▶ [Exercise requirements]: What is needed is an exact copy of the records below, minus any pictures.

————————

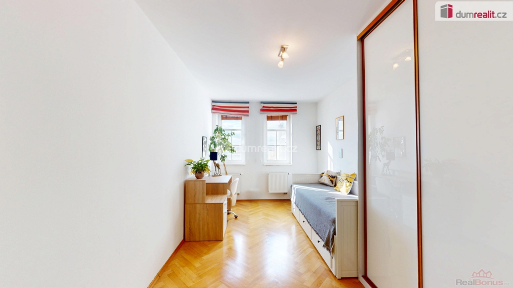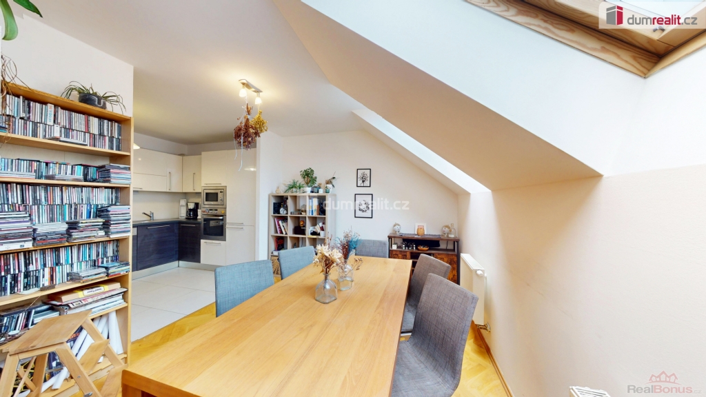 V srdci vyhledávaných Vinohrad, v jedné z nejstylovějších ulic, nabízíme k prodeji prostorný mezonetový byt 5+kk s terasou, který spojuje eleganci, funkčnost a neopakovatelnou atmosféru pražských střech. Byt se nachází v udržovaném cihlovém domě s výtahem a zaujme nejen svou velkorysou dispozicí, ale i dokonalým propojením světla, prostoru a soukromí. Vytápění je zajištěno plynovým kotlem, přičemž teplo lze dodatečně regulovat také prostřednictvím klimatizace s funkcí tepelného čerpadla. Po vstupu do bytu vás přivítá vstupní chodba, která v levé části vede do dvou samostatných pokojů a dvou koupelen jedna je vybavena vanou, druhá sprchovým koutem a toaletou. Na pravé straně se otevírá světlý obývací prostor s moderní kuchyní a jídelní částí. Kuchyňská linka nabízí dostatek pracovního i úložného místa a přirozeně navazuje na obývací pokoj, který je ideálním místem pro společná setkání či odpočinek. Dominantou obývací části je stylové schodiště vedoucí do druhého podlaží mezonetu. Pod schodištěm je chytře řešený úložný prostor, který nenarušuje estetiku interiéru. Na chodbě je k dispozici samostatná toaleta s umyvadlem. V horní úrovni se nachází komfortní ložnice s vlastní koupelnou (sprchový kout, toaleta) a samostatnou šatnou. Z ložnice je přímý vstup na terasu s panoramatickým výhledem na Prahu místo, které si zamilujete pro ranní kávu i večerní pohodu. Byt působí mimořádně vzdušně a díky své poloze v podkroví nabízí naprostý klid a soukromí, přesto zůstává jen pár kroků od oblíbených kaváren, restaurací a parků (Havlíčkovy a Riegrovy sady). Byt je v současné době pronajat spolehlivému nájemníkovi, který řádně hradí nájemné, což z nemovitosti činí atraktivní investiční příležitost. Nabízí tak možnost okamžitého výnosu z nájmu, nebo vlastního bydlení v jedné z nejžádanějších pražských lokalit. Nízký fond oprav výhodou. Více informací na dotaz u makléře nabídky. Ev. číslo: 652920. Energetický štítek: G
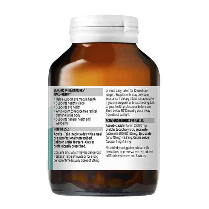Viên uống bổ mắt Blackmores Macu Vision chứa các chất dinh dưỡng chống oxy hóa để giúp hỗ trợ sức khỏe điểm vàng của mắt và thị lực khỏe mạnh.
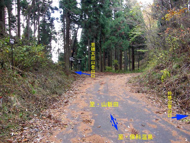 馬背峠/若穂太郎山へ最短で登ることができる登山口 この林道は完全舗装だが道幅が狭いうえ落ち葉が多いのでスリップに注意 |
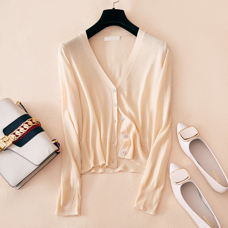 Vネックで前開きのミディアム丈カーディガンは、一枚で着るだけでおしゃれ度がアップします。
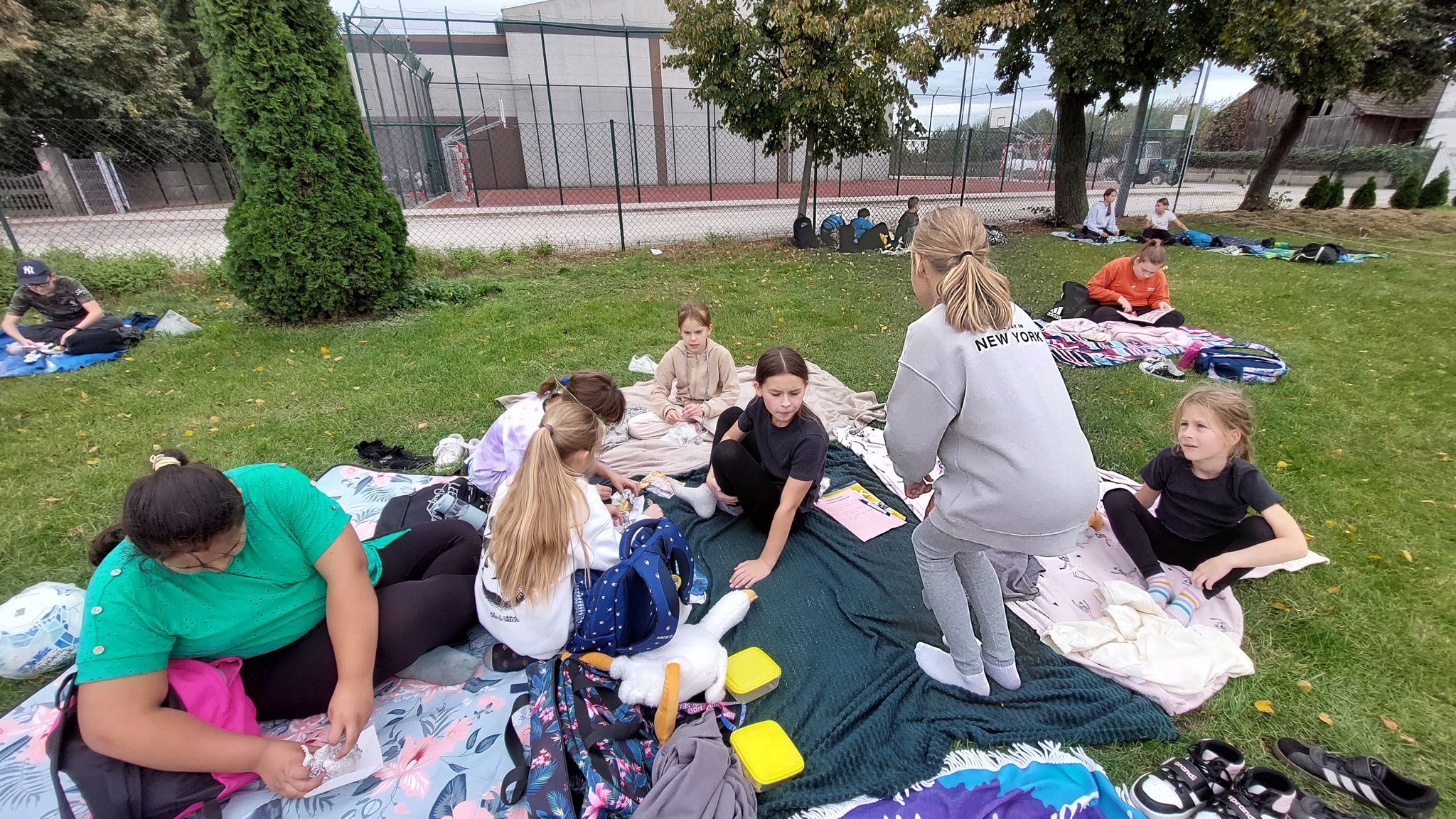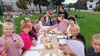 Dziś, 26 września 2024roku, w naszej szkole odbył się "V Dzień Ziemniaka". Wszyscy uczniowie naszej szkoły wraz z nauczycielami udali się na zielone boisko, aby korzystając z uroków pięknej jesieni, miło i sympatycznie spędzić czas. Na wszystkich czekało wiele niespodzianek. Były rozgrywki sportowe, wyścigi rzędów z wykorzystaniem ziemniaków, zabawy z chustą animacyjną, odbijanie ziemniaczanych pieczątek, a dla mniej aktywnych był też czas na leniuchowanie i przyjacielskie pogawędki. Po tak spędzonym czasie, na wszystkich czekała kiełbaska i pieczone ziemniaki przygotowane na grillu przez pracowników obsługi. Bardzo dziękujemy naszej Radzie Rodziców za dostarczenie dla nas pysznych kiełbasek i ziemniaczków.

————————

▶ [Written response]:
 V srdci vyhledávaných Vinohrad, v jedné z nejstylovějších ulic, nabízíme k prodeji prostorný mezonetový byt 5+kk s terasou, který spojuje eleganci, funkčnost a neopakovatelnou atmosféru pražských střech. Byt se nachází v udržovaném cihlovém domě s výtahem a zaujme nejen svou velkorysou dispozicí, ale i dokonalým propojením světla, prostoru a soukromí. Vytápění je zajištěno plynovým kotlem, přičemž teplo lze dodatečně regulovat také prostřednictvím klimatizace s funkcí tepelného čerpadla. Po vstupu do bytu vás přivítá vstupní chodba, která v levé části vede do dvou samostatných pokojů a dvou koupelen jedna je vybavena vanou, druhá sprchovým koutem a toaletou. Na pravé straně se otevírá světlý obývací prostor s moderní kuchyní a jídelní částí. Kuchyňská linka nabízí dostatek pracovního i úložného místa a přirozeně navazuje na obývací pokoj, který je ideálním místem pro společná setkání či odpočinek. Dominantou obývací části je stylové schodiště vedoucí do druhého podlaží mezonetu. Pod schodištěm je chytře řešený úložný prostor, který nenarušuje estetiku interiéru. Na chodbě je k dispozici samostatná toaleta s umyvadlem. V horní úrovni se nachází komfortní ložnice s vlastní koupelnou (sprchový kout, toaleta) a samostatnou šatnou. Z ložnice je přímý vstup na terasu s panoramatickým výhledem na Prahu místo, které si zamilujete pro ranní kávu i večerní pohodu. Byt působí mimořádně vzdušně a díky své poloze v podkroví nabízí naprostý klid a soukromí, přesto zůstává jen pár kroků od oblíbených kaváren, restaurací a parků (Havlíčkovy a Riegrovy sady). Byt je v současné době pronajat spolehlivému nájemníkovi, který řádně hradí nájemné, což z nemovitosti činí atraktivní investiční příležitost. Nabízí tak možnost okamžitého výnosu z nájmu, nebo vlastního bydlení v jedné z nejžádanějších pražských lokalit. Nízký fond oprav výhodou. Více informací na dotaz u makléře nabídky. Ev. číslo: 652920. Energetický štítek: G
Viên uống bổ mắt Blackmores Macu Vision chứa các chất dinh dưỡng chống oxy hóa để giúp hỗ trợ sức khỏe điểm vàng của mắt và thị lực khỏe mạnh.
 馬背峠/若穂太郎山へ最短で登ることができる登山口 この林道は完全舗装だが道幅が狭いうえ落ち葉が多いのでスリップに注意 |
 Vネックで前開きのミディアム丈カーディガンは、一枚で着るだけでおしゃれ度がアップします。
 Dziś, 26 września 2024roku, w naszej szkole odbył się "V Dzień Ziemniaka". Wszyscy uczniowie naszej szkoły wraz z nauczycielami udali się na zielone boisko, aby korzystając z uroków pięknej jesieni, miło i sympatycznie spędzić czas. Na wszystkich czekało wiele niespodzianek. Były rozgrywki sportowe, wyścigi rzędów z wykorzystaniem ziemniaków, zabawy z chustą animacyjną, odbijanie ziemniaczanych pieczątek, a dla mniej aktywnych był też czas na leniuchowanie i przyjacielskie pogawędki. Po tak spędzonym czasie, na wszystkich czekała kiełbaska i pieczone ziemniaki przygotowane na grillu przez pracowników obsługi. Bardzo dziękujemy naszej Radzie Rodziców za dostarczenie dla nas pysznych kiełbasek i ziemniaczków.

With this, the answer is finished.